Gates to Take Stand Monday

 
 
By Darryl K. Taft  |  Posted 2002-04-19
 
 
 

Microsoft Corp. Monday will enter the second week of its courtroom defense against the group of states that have proposed stiff penalties against the software giant, with witnesses including its Chairman and Chief Software Architect, Bill Gates.

"We plan on calling Mr. Gates to testify on Monday, April 22," a Microsoft statement said. "He will be the eighth Microsoft witness and will take the stand in the sixth week of the trial.

"Mr. Gates will testify on the evolution of the PC ecosystem and Microsofts role in fostering innovation in the PC industry," the statement said. "He will also testify on how the remedies proposed by the non-settling states would imperil not only Microsofts business, but also cause harm to the PC industry and to consumers."

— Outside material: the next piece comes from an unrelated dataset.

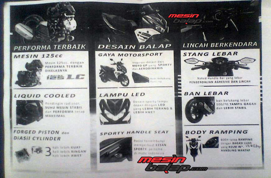 Motomazine.com – salam safety riding bro sis.. Yamaha Aerox 125 memang semakin berani menunjukkan jati dirinya. Setelah sempat beredar foto-foto jelasnya tanpa aling-aling dan watermark, kali ini muncul lagi bocoran spesifikasi Yamaha Aerox 125 yang sebentar lagi bakal dirilis. Namun sebuah pertanyaan yang mengganjal MMz adalah, mana tulisan Blue Core dan teknologi VVA yang sebelumnya pernah digembar-gemborkan itu..???

"Bill Gates is glad to have the opportunity to testify in the remedy proceedings," the statement continued. "He will address the evolution of the PC industry and the critical role Microsoft, PC manufacturers and independent software vendors have played in making computing accessible to consumers and making technology an engine for economic growth. Like other Microsoft witnesses, including representatives from many sectors of the PC ecosystem, he will speak to the potential harm to consumers and the industry posed by the non-settling states remedy proposals."

In addition to Gates, Microsoft witnesses next week are expected to include Chris Jones, vice president of the Windows Client Team, and Rob Short, vice president of the Windows Base operating system kernel, and additional witnesses from the high-tech industry, Microsoft said.

David Cole, Microsofts senior vice president of MSN and personal services, will continue on the witness stand in defense of the company he has been with for more than 15 years. Cole spent about 30 minutes on the stand Thursday before U.S. District Judge Colleen Kollar-Kotelly called off the proceedings for the day.

Cole spent his brief time on the stand sparring with John Schmidtlein, an attorney for the states, over Microsofts plans for private user information from its Passport service.